Она легла навзничь, вперила косящие глаза в потолок. Закинула белую мосластую ногу на спинку дивана.
— Устала я бегать сегодня. Ну, я даже не поняла сперва, что они вместе. Гляжу, он у нее паспорт взял и вахтеру сунул. И тот, значит, кивает, нашел, в списке. И прошли они. Она хлоп под ручку его, идут, прижимаются! А мы наружу. Я через стекла смотрела-смотрела, но далеко. Так я на вокзале Сереге все мозги выела, а ну, рассказуй! Я вам всегда аж завидовала. Вот думаю, как в кино — идут за руку держатся, смеются. Мой жеж как вчистит вперед, поспевай за ним.
Она вдруг замолчала, обратила лицо к большим деревянным часам с медными палочками цифр.
— О, мне надо одеваться! Девки ждут.
Слезла с дивана и быстро ушла, на ходу стаскивая халат. Закричала через шум воды:
— Там на коробке с телевизором косметика, если надо тебе. Сверху набор, «Пупа», его можно.
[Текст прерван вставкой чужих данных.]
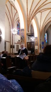 Spacer rozpoczęliśmy od kościoła świętego Jana Chrzciciela, patrona Stargardu. Początkowo skryci w sieni budynku, zaproszeni zostaliśmy do środka aby wygodnie zasiąść w ławach i w skupieniu wysłuchać jego burzliwej historii.

Ника взяла глянцевую овальную шкатулочку, раскрыла, невидяще глядя на цветные квадратики теней, веселое зеркальце и палочку из тюбиков помады. Села на диван, кладя коробочку на колени. Вот тебе, Никуся, подробности, которых ты хотела. Вел так же, совал паспорт, и шли мимо кранов, и рельсов, смеялись. И в ту же самую каюту приводил ее. И там…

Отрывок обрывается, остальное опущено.